# which tv should i go for??? confused



## goldsmit409 (Feb 25, 2015)

hi i am looking to buy a tv these are what i have narrowed down to 

sony 42w900b 74000INR 3d smart full HD Motionflow XR 400 Hz

sony 48R482b 68000INR full HD but refresh rate is low Motionflow XR 100Hz

lg 49lb6200 74000INR 3d full HD refresh rate is low Dynamic MCI (Hz) 100 (50Hz)

lg 42lb6700 70000INR 3d smart full HD Dynamic MCI (Hz) 700 (200Hz)

i am not worried about smart, i dont need that but i would be interested in 3d for gaming by connecting my laptop and in sometime i will get either a xbox or ps4 
which should i go for???


----------



## SaiyanGoku (Feb 25, 2015)

Don't get 3d if your laptop has anything below a 860M and I don't think Xbox one or PS4 have 3d enabled titles.
860M is minimum for gaming on FHD resolution.
Only thing 3d would be good for is 3d movies.


----------



## goldsmit409 (Feb 25, 2015)

i have way below 755m in my laptop ,as for consoles some 3d effect would be there right? not sure....
and apart from that how well can i game on FHD???


----------



## SaiyanGoku (Feb 25, 2015)

*www.notebookcheck.net/NVIDIA-GeForce-GT-755M.102020.0.html
You can play recent games in 768p, med-high settings. I doubt you'll be able to play them or future games in 1080p, med-high settings.
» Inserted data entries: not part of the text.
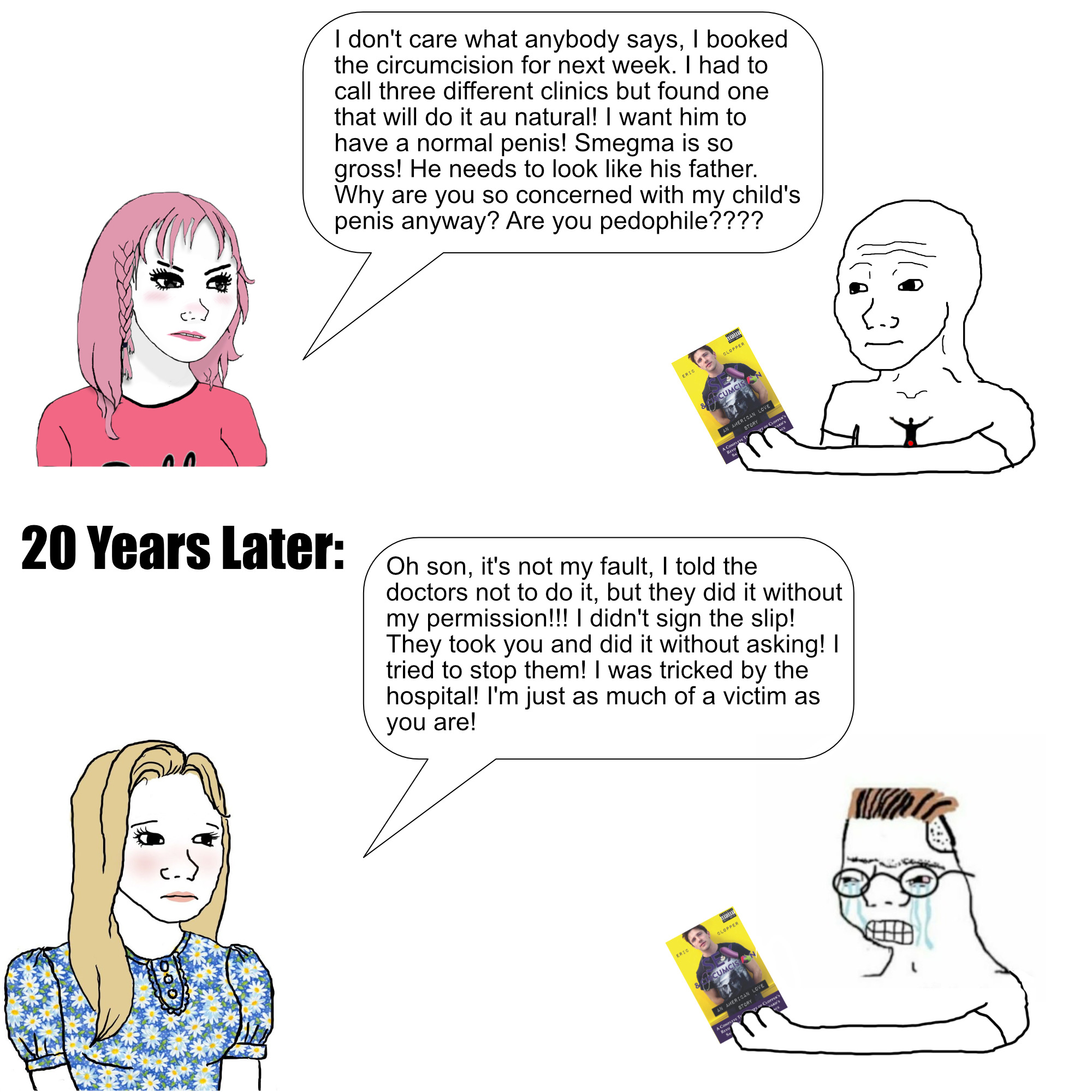 >>525909427i'm not saying this never happens, but I guarantee most of these moms willingly signed off on the mutilation, then made up the story when confronted about being such a heartless piece of shit. pic related.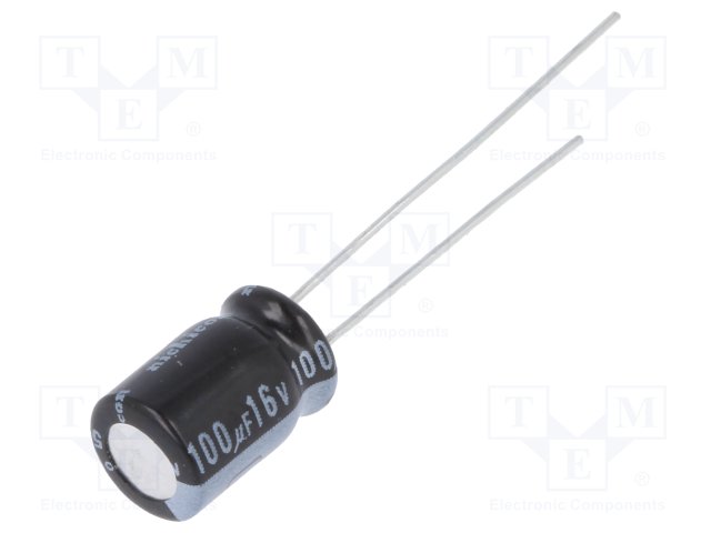 Конденсатор: электролитический; THT; 100мкФ; 10ВDC; Ø5x9мм; ±20% |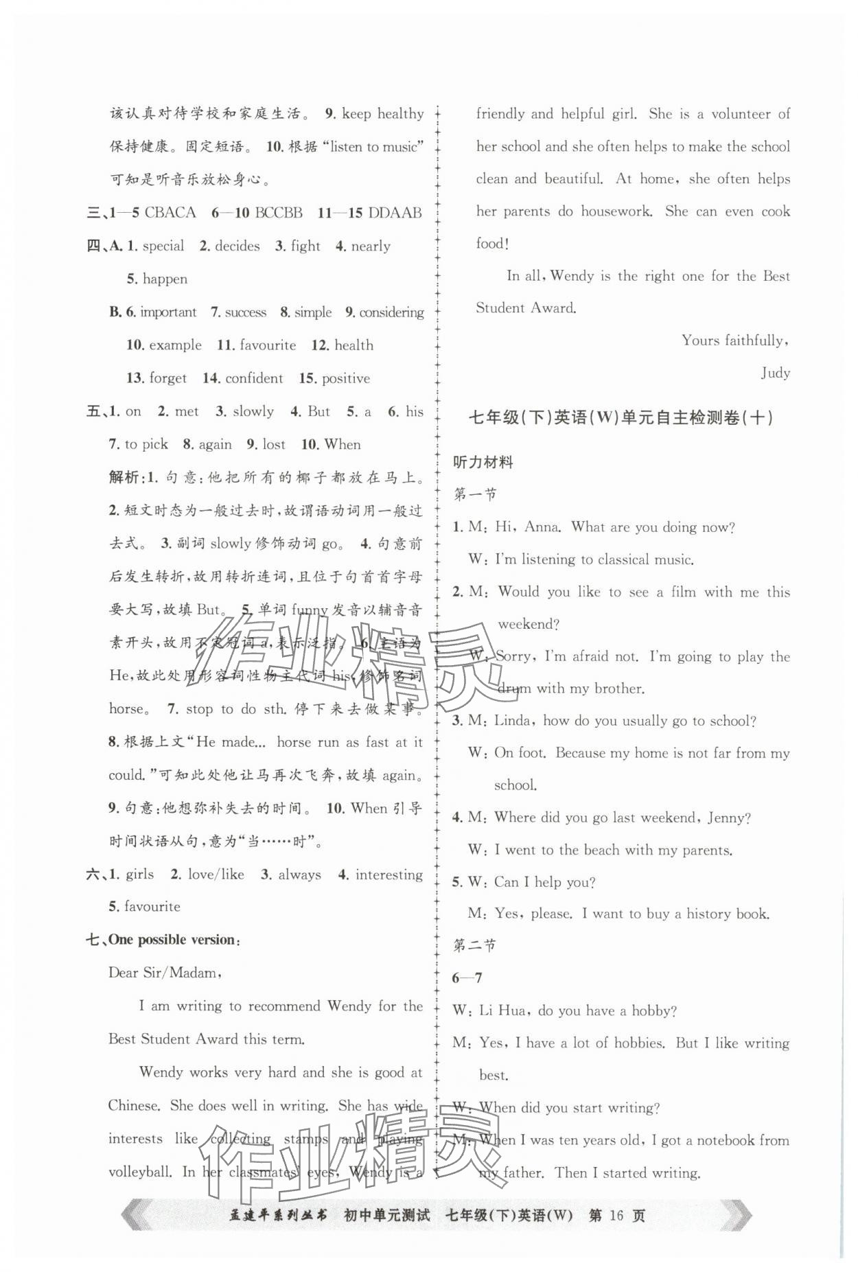 注:目前有些书本章节名称可能整理的还不是很完善,但都是按照顺序排列的,请同学们按照顺序仔细查找。练习册 2025年孟建平单元测试七年级英语下册外研版 答案主要是用来给同学们做完题方便对答案用的,请勿直接抄袭。

For the game to have 3d, they need to be made in 3d, like movies are. TV can't convert that much 2d content into 3d.


----------



## goldsmit409 (Feb 25, 2015)

ok so if i leave 3d i am left with sony 42 and 48 which one should i go for??
how much does the refresh rate matter?


----------



## SaiyanGoku (Feb 26, 2015)

goldsmit409 said:


> ok so if i leave 3d i am left with sony 42 and 48 which one should i go for??
> *how much does the refresh rate matter?*



give this a read:

HDTV Refresh Rates Explained: 60Hz, 120Hz, and Beyond | PCMag.com


----------



## Minion (Feb 26, 2015)

Get lg 42lb6700 eye closed.

Don't go below 200 Hz for refresh rate.MCI or XR are not true panel refresh rates they are combination of picture processing panel refresh rate and interpolation.

Panel with 50 Hz are worst panel they are meant for budget models you can see motion blurr while watching sports with these panels.

About 3D i am not sure but i think that will be taken care by T.V itself with 2D to 3D features now a days most T.V have it.Your Laptop only need to run game smoothly.


----------



## goldsmit409 (Feb 26, 2015)

Even I am worried about I up 50hz then I also checked 47lb6500 it is 100hz it's big screen (my family prefers that) and 3D as well 
How about it?
47lb6700 would be too costly around 90k I guess


----------



## $hadow (Feb 26, 2015)

Go for lg 42lb6700. It is by far the best option for you,


----------



## goldsmit409 (Feb 27, 2015)

thanks guys for your suggestions 
since my family wants a bigger tv and i want features now i am down to 3 choices

lg 47lb6700 88500INR is this deal good?

sony 50w900b 94000INR little costly for my budget...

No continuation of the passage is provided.